Comparing the flu and asthma break-out patterns suggests that there is an overlap in the incidence of flu and asthma around August–September, described by Ha3,5 and Hf3,4, respectively. Further, comparing Ha5 and Hf5 also indicates that even during the early onset of the flu (days 90–100; June–July 2009), there is a marked increase in the asthma incidence rates around days 10–45 (April–May 2009). Although from Figure 1, we see that the overall trend indicates that the peak of asthma incidence precedes the peak of flu season, the analysis presented here further suggests that this precedence may be a distinct factor influencing the susceptibility of flu occurrence within some regions.

Geographic Patterns of Flu and Asthma Incidence

The spatial patterns summarized by NMF depict a distinct separation between the asthma and flu incidence. As shown in Figure 3, each W can be mapped onto the specific zip code and provides a geographic interpretation of the results presented above. Each dot represents a specific zip code examined, and the intensity of the color indicates a higher occurrence of the flu/asthma (blue indicates lower and red indicates higher incidence). Note that both the asthma and flu incidence maps are drawn to the same color scale (as indicated by the color bar in Figure 3).

FIGURE 3
www.frontiersin.org

Figure 3. Spatial patterns from NMF indicate distinct pockets of urban areas showing co-occurrence of flu and asthma. A geographic incidence map of the flu (Wf1,,5) and asthma (Wa1,,5) shows the common areas of co-occurrence as described in our analysis of the diagnostic data. The spatial incidence is summarized in increasing color intensity shown on the color map. It is interesting to observe that the flu incidence gradually progresses to the south-east from Wf1 through Wf4. Further, Wf5 almost exclusively describes the occurrence of the flu in only large urban areas of the country. Similar patterns are also observed in the asthma incidence with local incidences being concentrated around urban areas.
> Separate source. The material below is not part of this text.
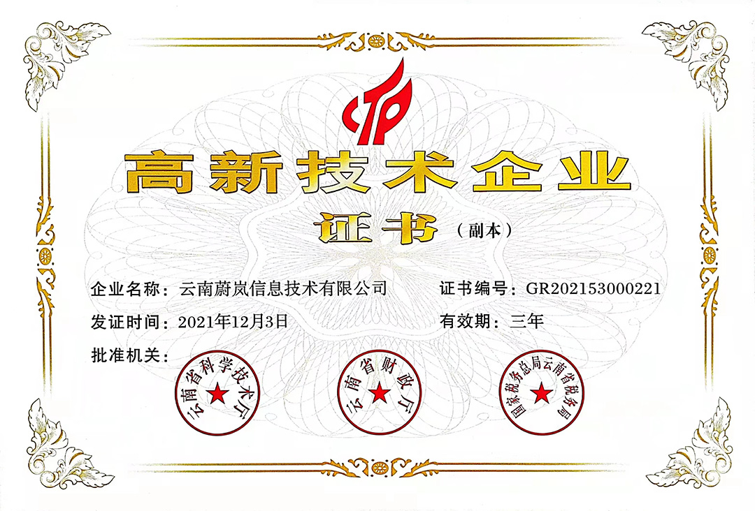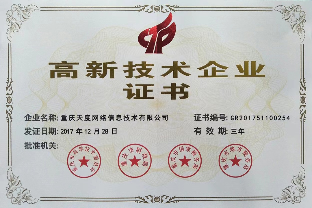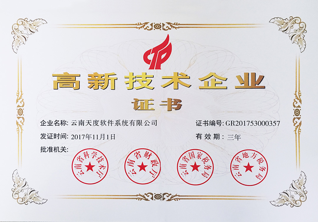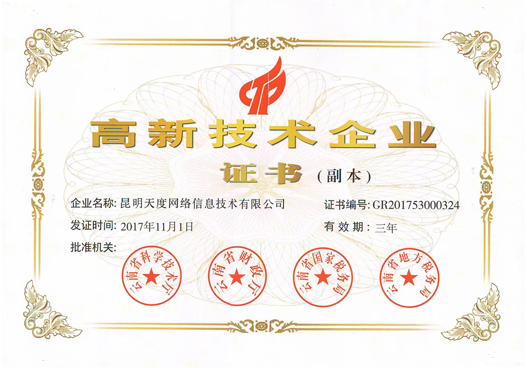 云南天度集團旗下云南蔚嵐信息技術(shù)有限公司、云南天度科技股份有限公司、云南天度軟件系統(tǒng)有限公司、昆明天度網(wǎng)絡(luò)信息技術(shù)有限公司、重慶天度網(wǎng)絡(luò)信息技術(shù)有限公司等5家企業(yè)獲得國家高新技術(shù)企業(yè)認定。

We note that densely populated areas (such as New York, Florida, and California) constitute common grounds for the co-occurrence of the flu and asthma. In particular, throughout the north-east, southeast, west, and central US, asthma patterns are widespread. The spatial patterns for influenza across the entire US are, however, discrete. Several of the north-east states do not exhibit any patterns observed in Wf24, meaning that during the latter half of the year, there were no many cases of the flu reported (except in urban areas). Within the urban areas of the north-east, however, the occurrence of asthma is quite widespread and occurs throughout the year.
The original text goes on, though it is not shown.